## Work request
The answer should hold only the lines from the beginning of the material through the one with "Everflowy基于Pyt", reproduced exactly and without pictures.

## The data
········

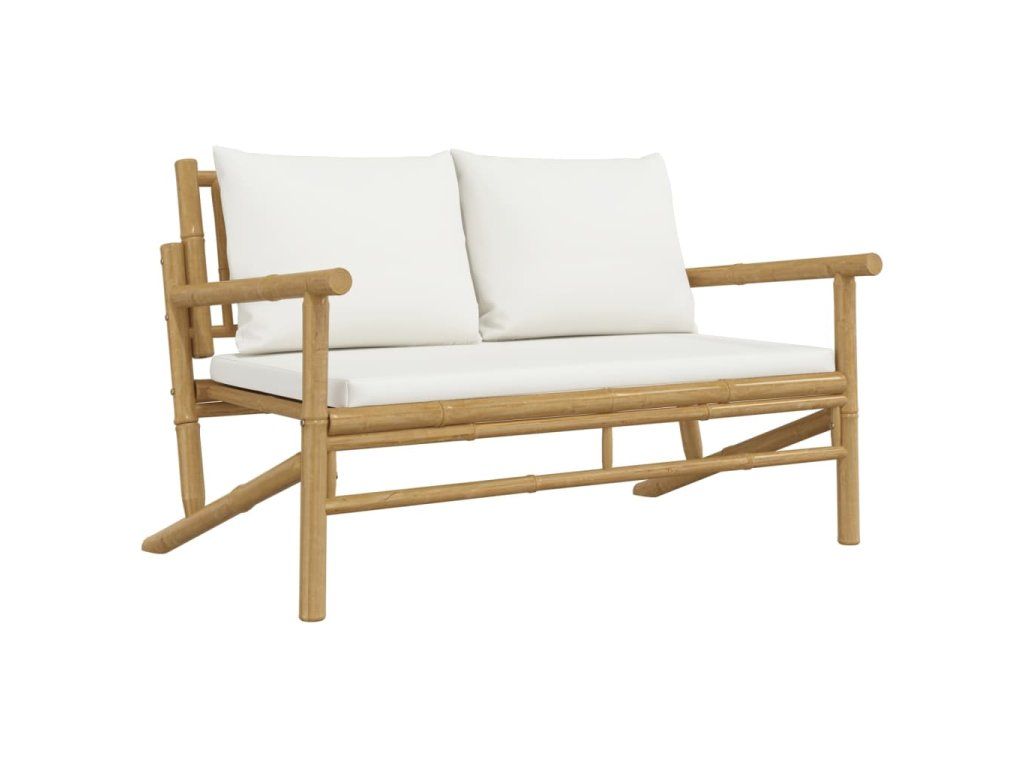 5dílná zahradní sedací souprava krémově bílé podušky bambus 3156475
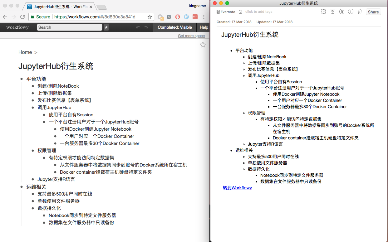 Everflowy基于Python 3开发,代码托管在Github中,地址为:github.com/kingname/Ev…这个小工具在持续开发中,目前可以实现Workflowy单向同步到印象笔记和差异更新。由于印象笔记的Oauth验证方式需要申请才能对正式的账号使用,但它又不会通过这种个人小工具的申请,所以目前暂时使用开发者Token。关于如何申请开通正式账号的开发者Token,在后文会有详细的说明。
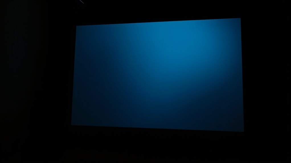 Screen gain markedly impacts your viewing angle and light reflection. Higher gain screens reflect more light directly back to you, which can cause hot spots and reduce image quality at wider angles. As your viewing angle increases, the image may appear dimmer and less vivid on high-gain screens. To guarantee consistent quality, choose a screen with a gain that balances brightness and viewing angle, avoiding excessive reflection or loss of clarity.
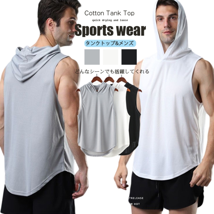 フード付き Tシャツ 袖なし トレーニングウェア 軽量 速乾 吸汗 ランニング 運動 スポーツウェア ランニングウェア 部
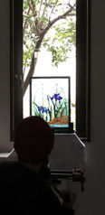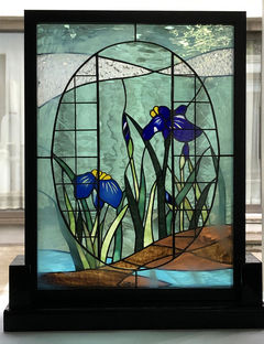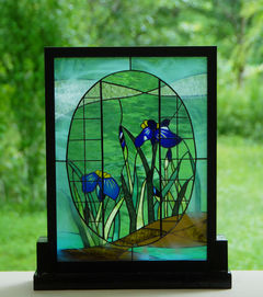 熱血講師のプロフィール「花菖蒲の庭」のステンドグラスパネル
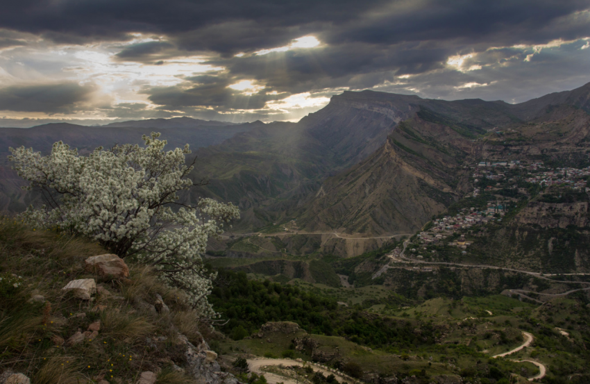 Дагестан весной «цветущей» приметен такими температурами. Горные районы – от 8 до 16 градусов тепла. Наиболее высокогорные – от 5 до 10. Дожди продолжаются (облака «в плену»).
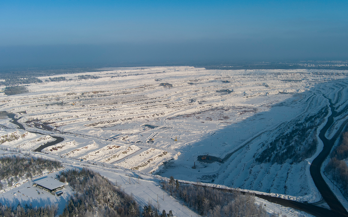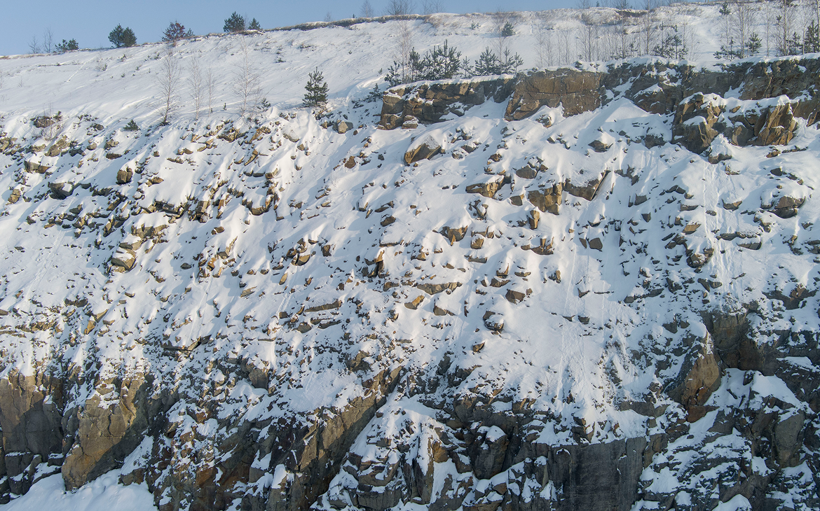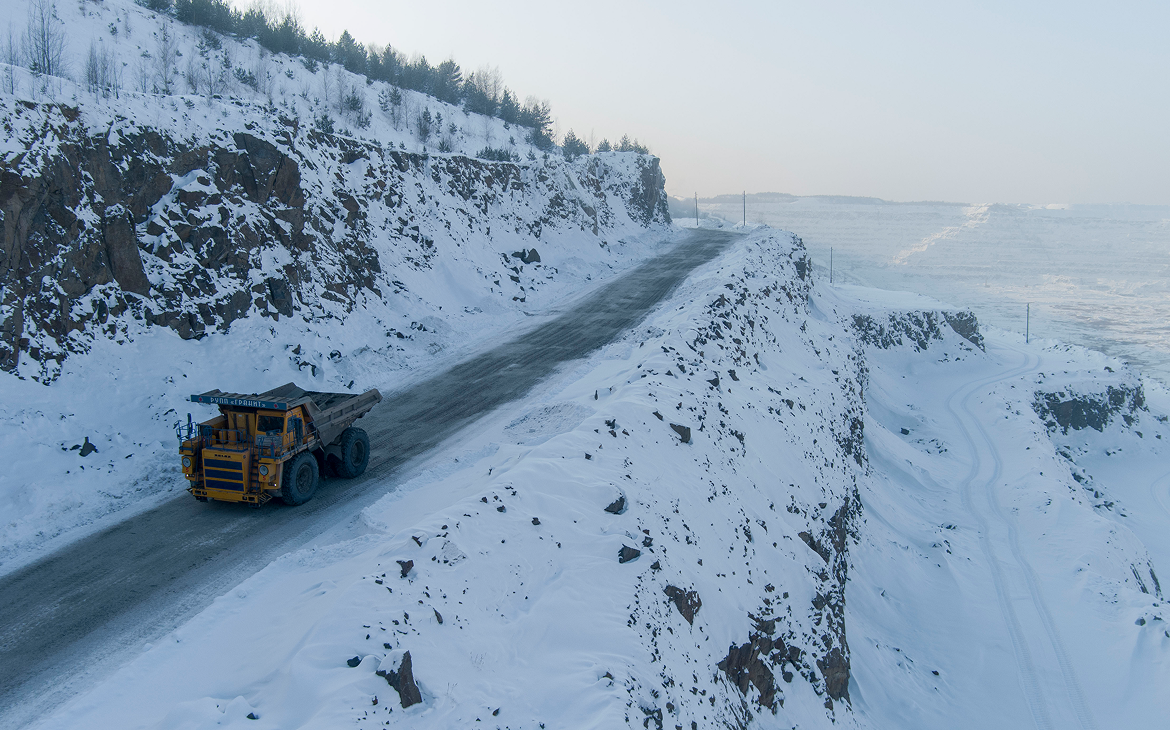 Не менее впечатляюще выглядит и сам карьер под снегом. Белоснежные террасы контрастируют с темными линиями дорог и мощной геометрией скал. Даже зимой здесь продолжается работа техники, и индустриальный ритм неожиданно гармонирует с тишиной и масштабом природы.
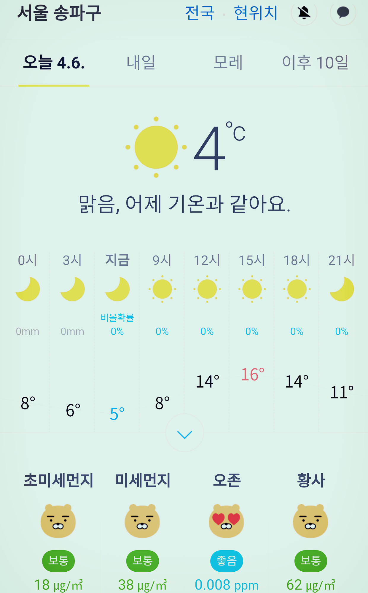 서울 강남 송파구 오늘의 날씨 2020년 4월 6일 (07시 현재)
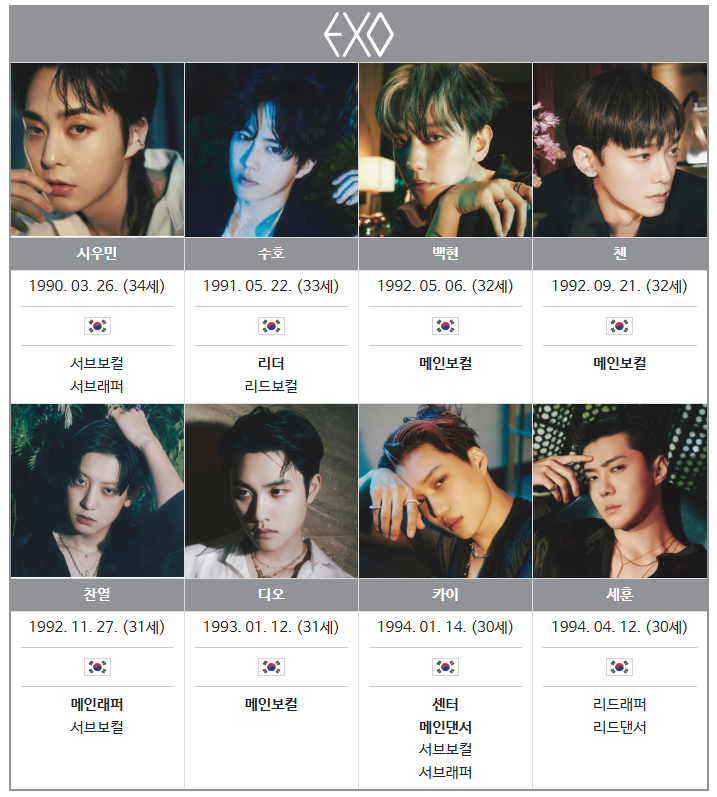 - 소속그룹 EXO, EXO-M, EXO-CBX
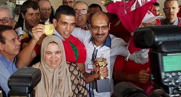 استقبال حار للملاكم المغربي محمد الربيعي في مطار محمد الخامس
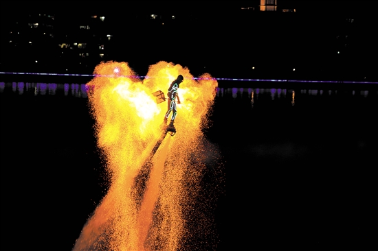 水上飞人火壶表演带来了非常震撼的视觉盛宴。 陈敏锐 摄

········

## Answer to the problem
 5dílná zahradní sedací souprava krémově bílé podušky bambus 3156475
 Everflowy基于Python 3开发,代码托管在Github中,地址为:github.com/kingname/Ev…这个小工具在持续开发中,目前可以实现Workflowy单向同步到印象笔记和差异更新。由于印象笔记的Oauth验证方式需要申请才能对正式的账号使用,但它又不会通过这种个人小工具的申请,所以目前暂时使用开发者Token。关于如何申请开通正式账号的开发者Token,在后文会有详细的说明。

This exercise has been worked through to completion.